WHAT TO WORK ON:
Find the line below with "#HappyMood Les rayons" and the line with "모드들이 요즘은 거의 대부분". Output them and the lines between, exactly, but not the pictures.

MATERIALS PROVIDED:
**********

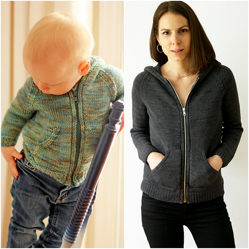 The R&R Hoodie by Tanis Lavallee would be perfect, with almost no changes! And it comes in a range of sizes. It’s at a pretty small gauge, though, so that might not be quite as cozy as Daniel’s sweater.
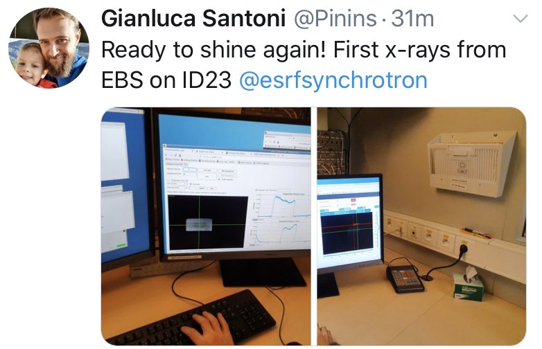 #HappyMood Les rayons X sont de retour à l’ESRF! Beaucoup d’excitation aujourd’hui sur les lignes de lumière de l’ESRF, avec l’arrivée du 1er faisceau de rayons X, avec la nouvelle source#EBS, et ce avec 1 mois d’avance.pic.twitter.com/K5QEcn6LGw
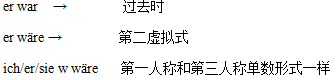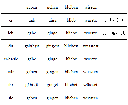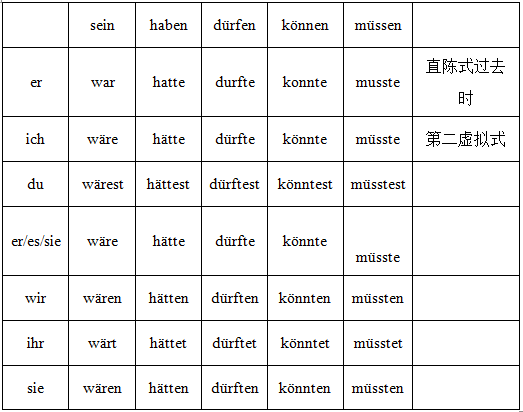 *在第二虚拟式中元音要变音:a→ä,o→ö,u→ü
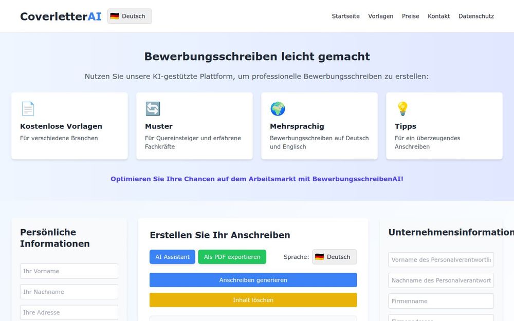 选择 BewerbungsschreibenAI 的理由在于其将 效率 与 专业性 结合:用户既能快速产出高质量求职信,又能针对岗位要求进行细化与优化。平台操作简便、模板实用、支持多语言与 PDF 导出,适合希望在短时间内提高求职竞争力的人群。此外,AI 辅助的个性化建议有助于用户在信息量大的招聘市场中脱颖而出,从而提高面试邀请率与求职成功率。
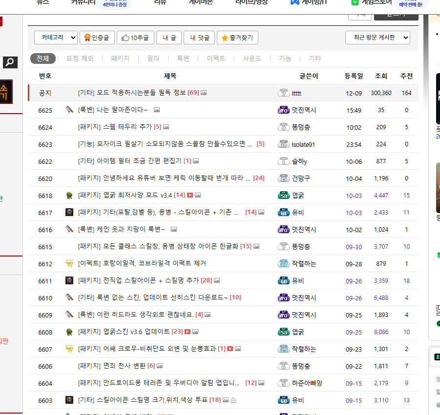 모드들이 요즘은 거의 대부분
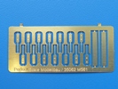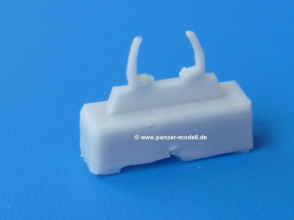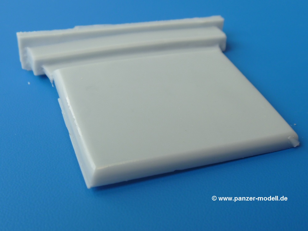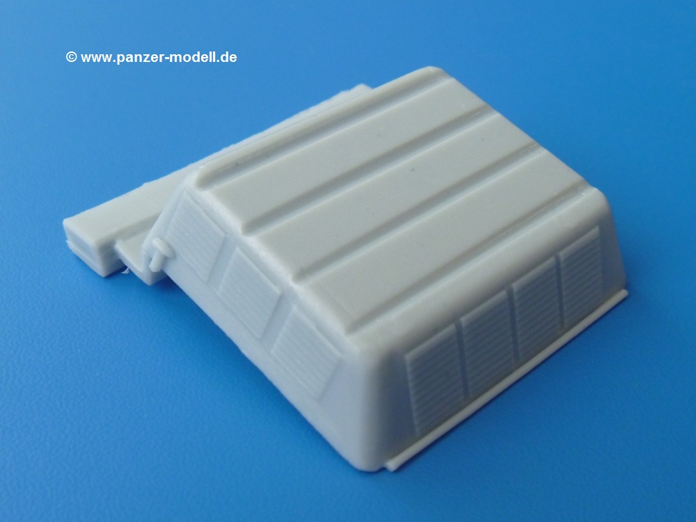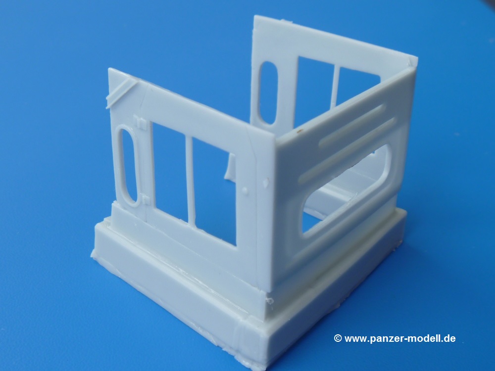 Alle Resinteile sind frei von Verzug und Blasen. Das Dach für den Fahrerraum ist recht stabil. Außer dem Abtrennen vom Angussstück benötigt es keine weitere Nacharbeit. Die 3 Seiten der Fahrerkabine werden in einem Stück geliefert. Die Wände sind angenehm dünn mit Fensteröffnungen, Verstärkungsrippen und Scharnieren. Auch hier besticht der saubere Guss. Die beiden Türgriffe findet man an einem separaten Gussstück. Als Ersatz für die eckige Motorabdeckung von Tamiya enthält der Karton eine Version mit abgerundeten Kanten und Verstärkungsrillen auf dem Dach. Aus der glasklaren Folie schneidet man die 7 Fenster der Fahrerkabine aus. Die Ätzteilplatine liefert 14 Spannhaken für den Anhänger - je 5 an den Seiten und je 2 für Vorder- und Rückseite. Der Decalbogen enthält verschiedene Fahrzeugmarkierungen in schwarz, weiß oder scharz auf sandgelben Untergrund. Dazu kommen Beschriftungen wie "Danger High Voltage", "No Step" und "TP 22". Angaben zu den Einheiten oder zur Anbringung gibt es leider nicht. Die Tamiya Bauanleitung, bzw. Originalquellen sollten da weterhelfen können. Sicherlich ein absoluter Hingucker mit dem Hard-Top. Für um die EUR18,50 kann man das Set im deutschen Handel erstehen. |

**********

TASK RESPONSE:
 #HappyMood Les rayons X sont de retour à l’ESRF! Beaucoup d’excitation aujourd’hui sur les lignes de lumière de l’ESRF, avec l’arrivée du 1er faisceau de rayons X, avec la nouvelle source#EBS, et ce avec 1 mois d’avance.pic.twitter.com/K5QEcn6LGw
 *在第二虚拟式中元音要变音:a→ä,o→ö,u→ü
 选择 BewerbungsschreibenAI 的理由在于其将 效率 与 专业性 结合:用户既能快速产出高质量求职信,又能针对岗位要求进行细化与优化。平台操作简便、模板实用、支持多语言与 PDF 导出,适合希望在短时间内提高求职竞争力的人群。此外,AI 辅助的个性化建议有助于用户在信息量大的招聘市场中脱颖而出,从而提高面试邀请率与求职成功率。
 모드들이 요즘은 거의 대부분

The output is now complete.